__YOUR GOAL__. Look below for the line with "- Material type: Stainless" and the line with "Hiểu được điều". Copy exactly those two lines and every line between, but not the pictures.

__DATA FOR THIS EXERCISE__.
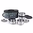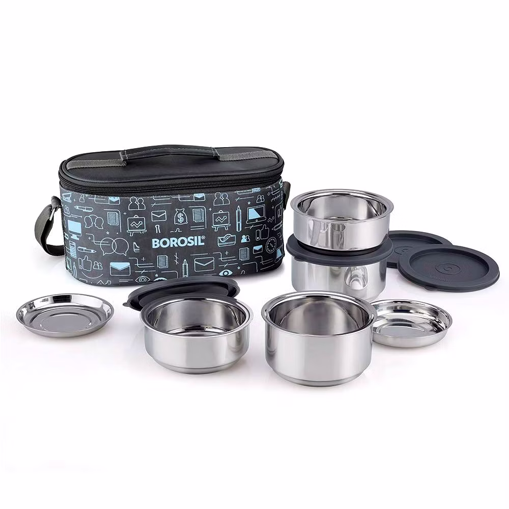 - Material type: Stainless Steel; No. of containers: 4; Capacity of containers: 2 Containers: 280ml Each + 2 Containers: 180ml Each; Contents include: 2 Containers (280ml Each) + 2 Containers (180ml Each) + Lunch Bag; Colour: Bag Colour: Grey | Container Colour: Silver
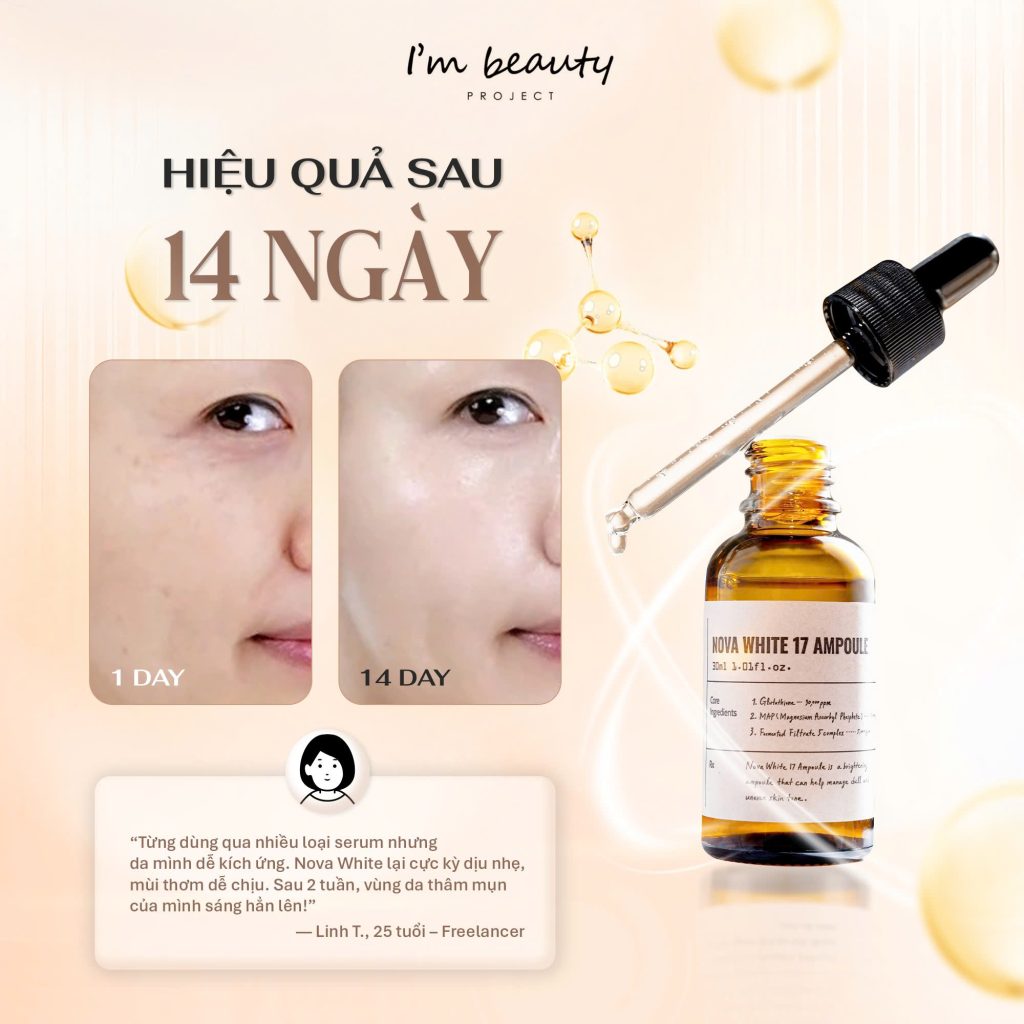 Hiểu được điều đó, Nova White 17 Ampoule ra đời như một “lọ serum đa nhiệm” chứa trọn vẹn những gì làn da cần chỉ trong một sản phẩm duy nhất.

==

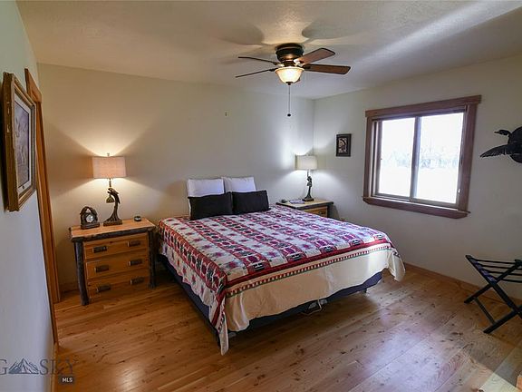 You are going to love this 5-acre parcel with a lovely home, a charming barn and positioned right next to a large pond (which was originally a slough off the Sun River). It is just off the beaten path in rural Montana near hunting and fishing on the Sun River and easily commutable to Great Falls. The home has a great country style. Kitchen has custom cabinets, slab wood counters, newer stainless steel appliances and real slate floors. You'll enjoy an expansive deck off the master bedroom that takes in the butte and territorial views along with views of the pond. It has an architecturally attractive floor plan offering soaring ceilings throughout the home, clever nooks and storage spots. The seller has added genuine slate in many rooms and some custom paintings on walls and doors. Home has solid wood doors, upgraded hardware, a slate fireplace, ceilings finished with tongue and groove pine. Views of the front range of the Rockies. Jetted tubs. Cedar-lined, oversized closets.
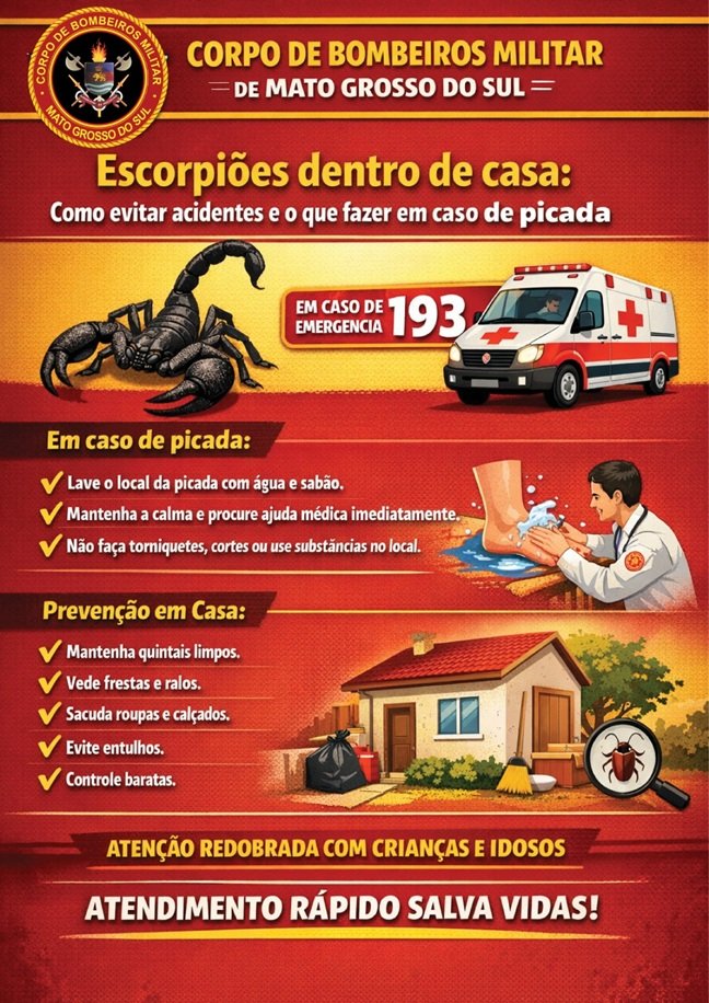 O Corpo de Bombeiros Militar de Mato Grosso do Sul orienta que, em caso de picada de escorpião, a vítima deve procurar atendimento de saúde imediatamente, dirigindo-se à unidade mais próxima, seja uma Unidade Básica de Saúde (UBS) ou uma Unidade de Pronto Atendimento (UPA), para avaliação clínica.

==

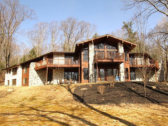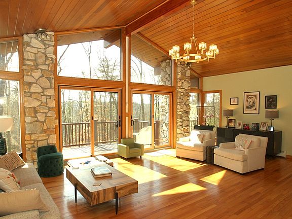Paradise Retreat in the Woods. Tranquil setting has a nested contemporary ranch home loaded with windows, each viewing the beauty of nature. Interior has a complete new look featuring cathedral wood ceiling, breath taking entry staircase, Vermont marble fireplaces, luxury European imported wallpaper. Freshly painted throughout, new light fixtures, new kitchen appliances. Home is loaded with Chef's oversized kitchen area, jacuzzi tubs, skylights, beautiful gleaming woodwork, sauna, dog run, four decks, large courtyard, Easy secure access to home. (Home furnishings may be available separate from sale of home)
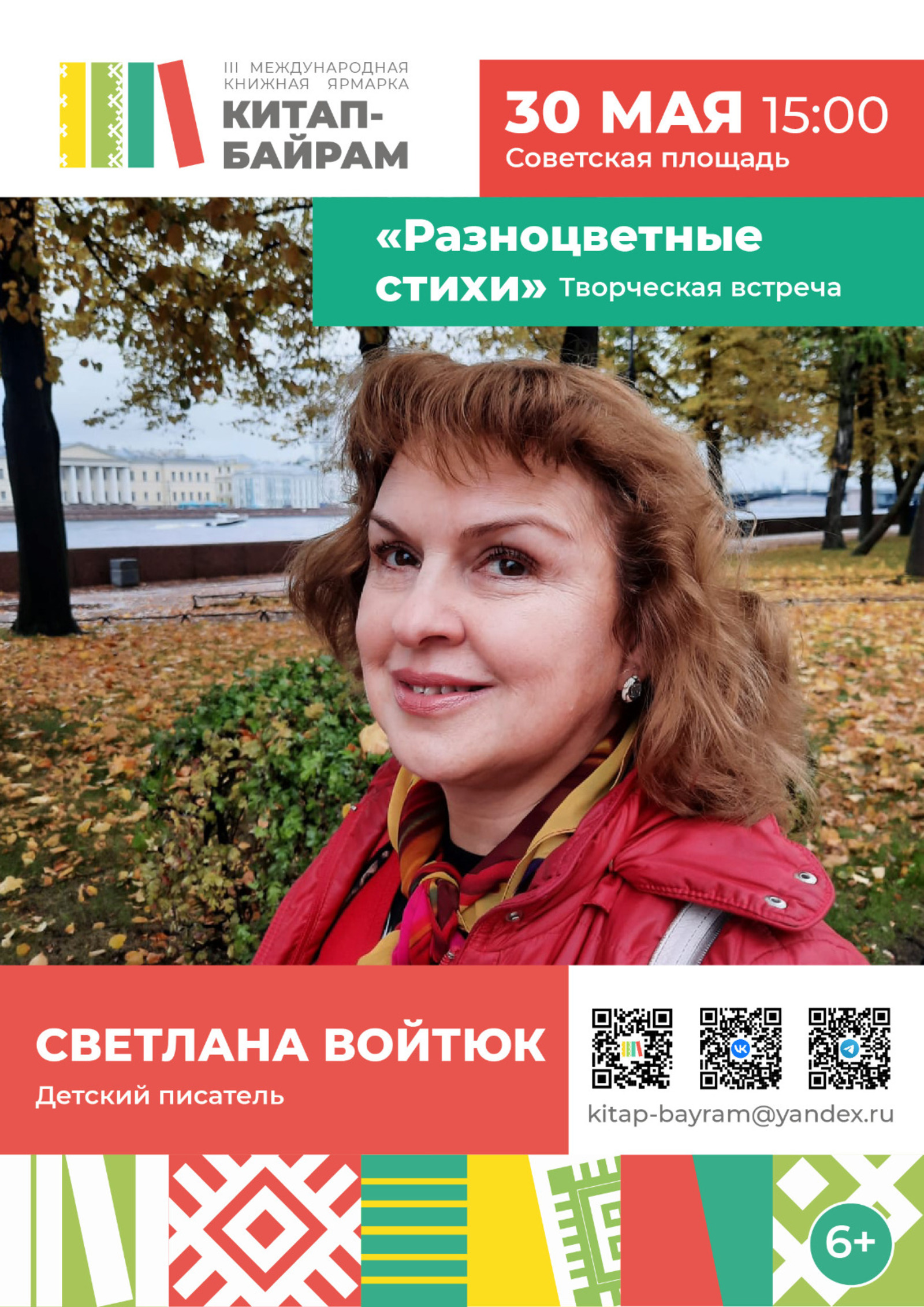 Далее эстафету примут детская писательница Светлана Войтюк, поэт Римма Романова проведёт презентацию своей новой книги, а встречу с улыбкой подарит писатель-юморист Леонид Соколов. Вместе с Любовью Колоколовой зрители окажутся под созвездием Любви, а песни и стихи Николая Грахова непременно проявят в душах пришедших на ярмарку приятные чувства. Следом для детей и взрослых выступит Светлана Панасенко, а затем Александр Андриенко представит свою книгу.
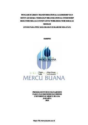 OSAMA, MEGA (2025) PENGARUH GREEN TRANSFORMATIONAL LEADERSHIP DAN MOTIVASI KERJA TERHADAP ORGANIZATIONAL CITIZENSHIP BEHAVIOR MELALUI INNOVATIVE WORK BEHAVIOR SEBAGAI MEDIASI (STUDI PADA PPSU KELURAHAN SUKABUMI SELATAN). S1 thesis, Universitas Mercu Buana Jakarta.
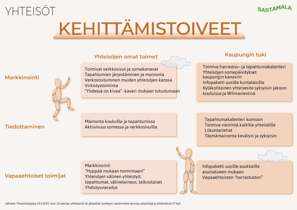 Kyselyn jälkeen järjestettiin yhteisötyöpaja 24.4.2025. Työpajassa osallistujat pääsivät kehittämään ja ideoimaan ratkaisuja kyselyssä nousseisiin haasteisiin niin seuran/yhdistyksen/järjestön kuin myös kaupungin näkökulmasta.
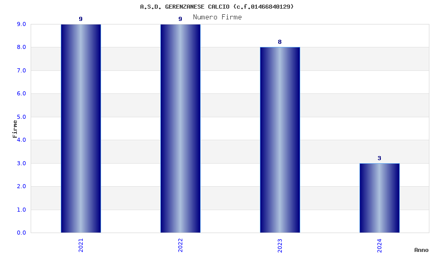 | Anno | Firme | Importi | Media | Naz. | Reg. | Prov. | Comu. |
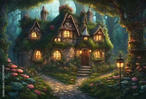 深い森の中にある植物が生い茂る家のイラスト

__SOLVED EXERCISE__.
 - Material type: Stainless Steel; No. of containers: 4; Capacity of containers: 2 Containers: 280ml Each + 2 Containers: 180ml Each; Contents include: 2 Containers (280ml Each) + 2 Containers (180ml Each) + Lunch Bag; Colour: Bag Colour: Grey | Container Colour: Silver
 Hiểu được điều đó, Nova White 17 Ampoule ra đời như một “lọ serum đa nhiệm” chứa trọn vẹn những gì làn da cần chỉ trong một sản phẩm duy nhất.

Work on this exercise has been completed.